Information shown below:

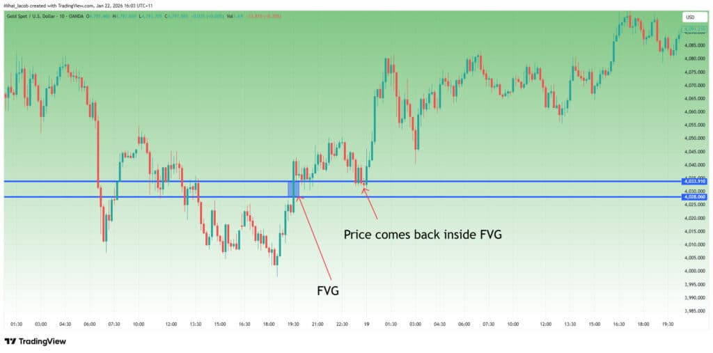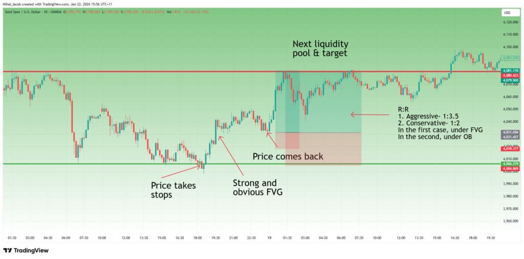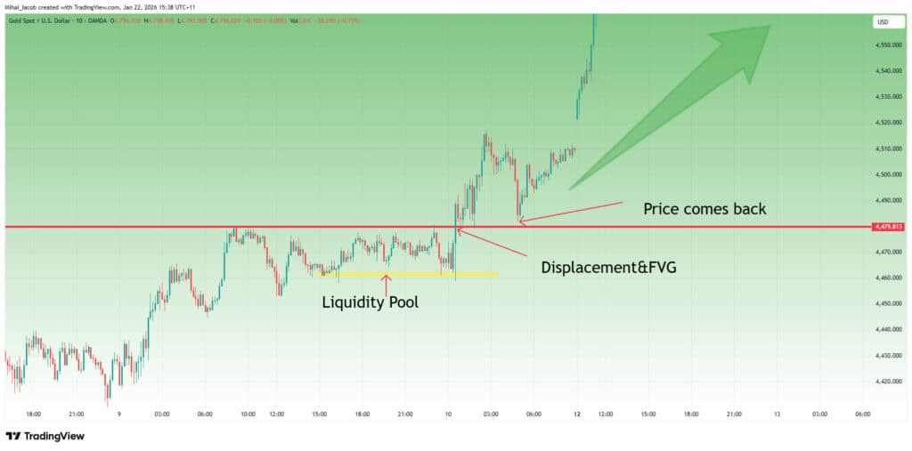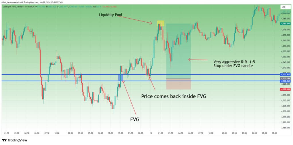 - MSS + displacement happens up (M15/M5) → FVG forms
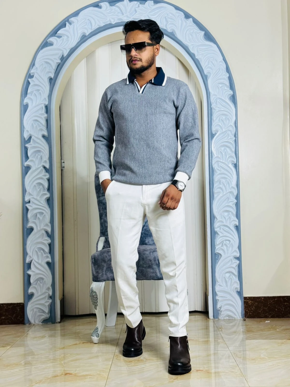 These polo sweaters pair impeccably with white chinos (as shown in the images), tailored trousers, or dark denim. Complete your 'Old Money' look with a quality watch, and footwear like loafers or Chelsea boots.
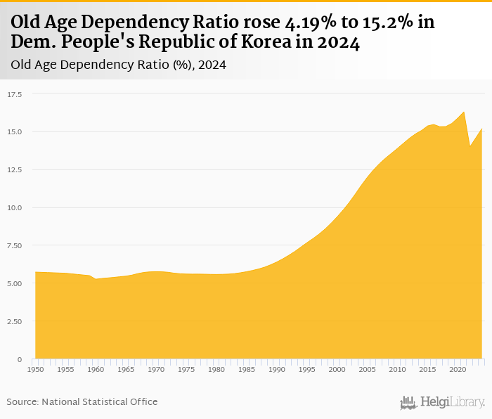 Old age dependency ratio rose 4.19% to 15.2% in Dem. People's Republic of Korea in 2024, according to the National Statistical Office.
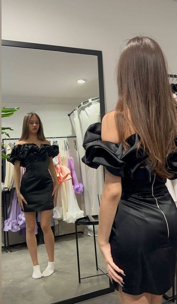 Fashion Black Satin Ruffle Bodycon Dress Homecoming Dress Y6253

End of Information shown.

Exercise directions:
Print verbatim every line above, apart from the pictures.

Output of the task:
 - MSS + displacement happens up (M15/M5) → FVG forms
 These polo sweaters pair impeccably with white chinos (as shown in the images), tailored trousers, or dark denim. Complete your 'Old Money' look with a quality watch, and footwear like loafers or Chelsea boots.
 Old age dependency ratio rose 4.19% to 15.2% in Dem. People's Republic of Korea in 2024, according to the National Statistical Office.
 Fashion Black Satin Ruffle Bodycon Dress Homecoming Dress Y6253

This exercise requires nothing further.